Incentivizing Agentic Reasoning in LLM Judges via Tool-Integrated Reinforcement Learning¶

Conference: ICLR 2026
arXiv: 2510.23038
Code: None
Area: Model Compression
Keywords: LLM-as-a-Judge, Tool-Integrated Reasoning, Reinforcement Learning, Code Execution, Evaluation

TL;DR¶

Proposes TIR-Judge, an end-to-end RL framework that trains LLM judge models to alternate between reasoning and code execution tools during the evaluation process. It outperforms 32B reasoning reward models with only 8B parameters across 7 public benchmarks, and TIR-Judge-Zero enables self-bootstrapped improvement without distillation.

Background & Motivation¶

LLM-as-a-Judge is increasingly critical in the LLM ecosystem—providing preference signals during training, performing best-of-N selection during inference, and replacing humans during evaluation. However, current judge models face two major issues:

Ceiling of pure text reasoning: Existing reasoning-enhanced judge models (e.g., JudgeLRM, J1-Judge) rely solely on text-based chains of thought, struggling in scenarios requiring precise calculation or symbolic reasoning (e.g., verifying code output, checking instruction constraints).

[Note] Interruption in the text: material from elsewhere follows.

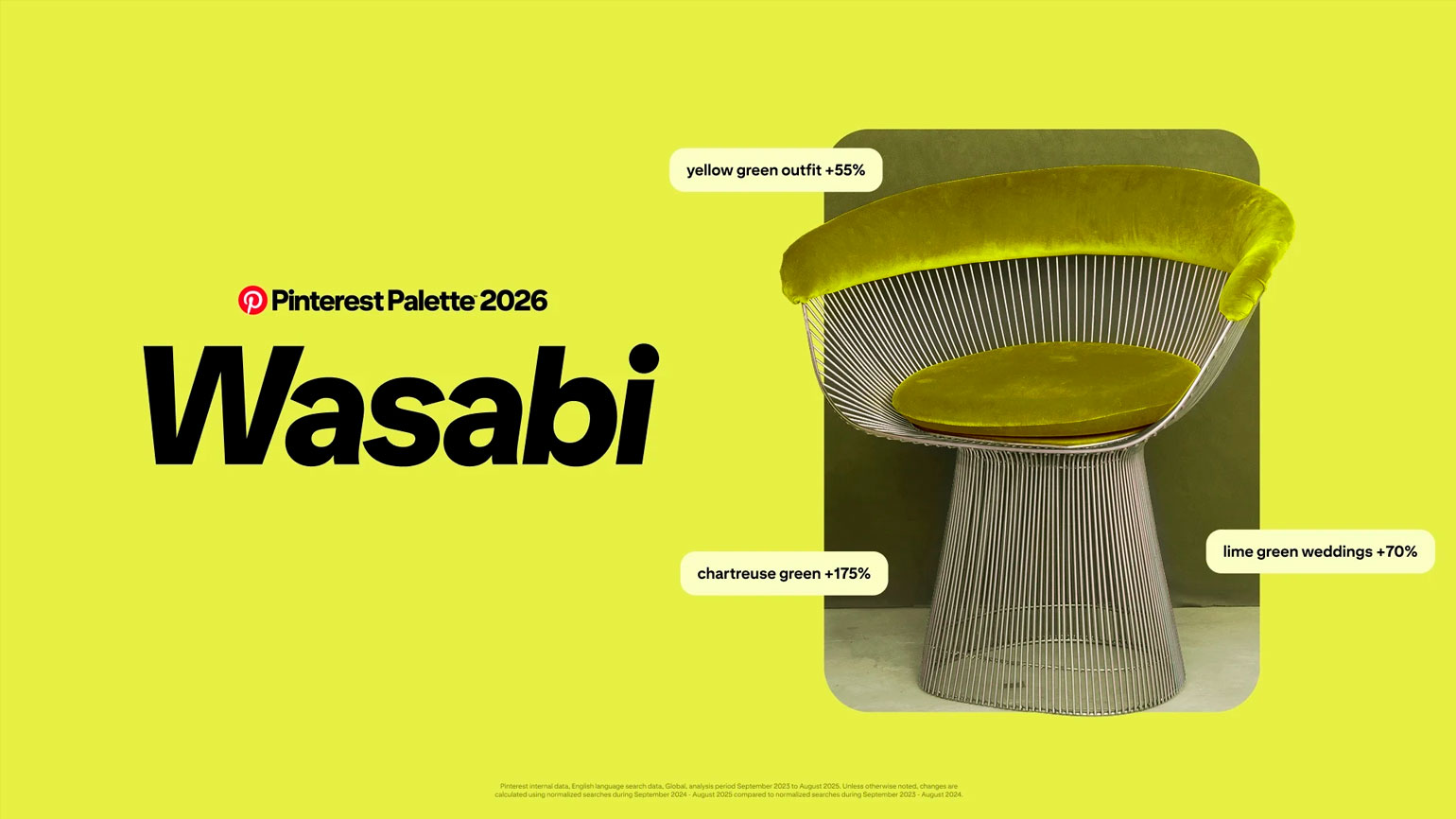 Pinterest представил ежегодную подборку трендовых оттенков. В этом году эксперты платформы выделили пять ключевых цветов, которые, по прогнозам, будут формировать стиль, креатив и культуру на ближайший год: Cool Blue («ледяной синий»), Jade («нефрит»), Plum Noir («тёмная слива»), Wasabi («васаби») и Persimmon («хурма»).

Limitations of tool use: A few attempts to introduce tools either (i) use tools only during inference rather than optimizing during training, or (ii) are limited to specific tasks/domains.

Core Idea: Use reinforcement learning to train judge models end-to-end to learn when to call the code interpreter and how to iteratively refine reasoning based on execution results, achieving deep integration of reasoning and tool use.

Method¶

Overall Architecture¶

TIR-Judge aims to ensure judge models no longer rely solely on "hallucinated" text reasoning for scoring, but instead write code while thinking and use execution results to calibrate judgments. The methodology focuses on integrating Tool-Integrated Reasoning (TIR) into evaluation tasks and training it end-to-end via RL.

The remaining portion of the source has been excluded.